There is no magic in interaction terms, we can see that the term is equivalent to simply multiplying the variables together and using the resulting values as a new predictor:
#Create new variable
mtcars['wt_cyl'] = mtcars.wt * mtcars.cyl
model_multiply = smf.ols(formula='mpg ~ wt + cyl + wt_cyl', data=mtcars).fit()

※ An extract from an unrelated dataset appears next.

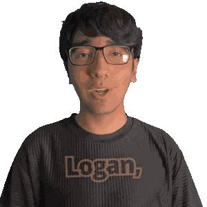 Content Description: a man wearing glasses and a black shirt that says logan on it

summary = model_multiply.summary()
summary.tables[1]
coef | std err | t | P>|t| | [95.0% Conf. Int.] | |
---|---|---|---|---|---|
Intercept | 54.3068 | 6.128 | 8.863 | 0.000 | 41.755 66.858 |
wt | -8.6556 | 2.320 | -3.731 | 0.001 | -13.408 -3.903 |
cyl | -3.8032 | 1.005 | -3.784 | 0.001 | -5.862 -1.745 |
wt_cyl | 0.8084 | 0.327 | 2.470 | 0.020 | 0.138 1.479 |
In contrast to the previous formulation, our new formulation is:
\[ mpg = \beta_0 + \beta_1\cdot{wt} + \beta_2\cdot{cyl} + \beta_3\cdot{wt}\cdot{cyl} \]
\[ mpg = 54.31 - 8.66\cdot{wt} - 3.80\cdot{cyl} + 0.81\cdot{wt}\cdot{cyl} \]
But how do we interpret these new coefficients? We say:
For every 1 unit increase in weight, mpg decreases by \(8.66\) (holding cylinders at 0)
For every 1 unit increase in weight, mpg changes by \(-8.66 + cyl\cdot{0.81}\))
For every 1 unit increase in cylinders, mpg decreases by \(3.80\) (holding weight at 0)
For every 1 unit increase in cylinders, mpg changes by \(-3.80 + wt\cdot{0.81}\))
At 0 weight and 0 cylinders, we expect mpg to be 54.31
We can see the interaction by cutting one of the terms in the interaction along it’s median, and then plotting the response variable against the other variable in the interacting pair:
mtcars['cyl_med'] = mtcars.cyl > mtcars.cyl.median()
mtcars['cyl_med'] = np.where(mtcars.cyl_med == False, "Below Median", "Above Median")
sns.lmplot(x='wt', y='mpg', hue='cyl_med', data=mtcars, ci=None, size=5, aspect=2.5);
What this plot shows us, is that when the cylinder value is small (i.e. below the median value), the relationship between mpg and wt is strongly negative. Conversely, at higher cylinder values, there is a much weaker relationship between mpg and wt!
In a plot such as this, the larger the difference in slopes, the larger the interaction effect.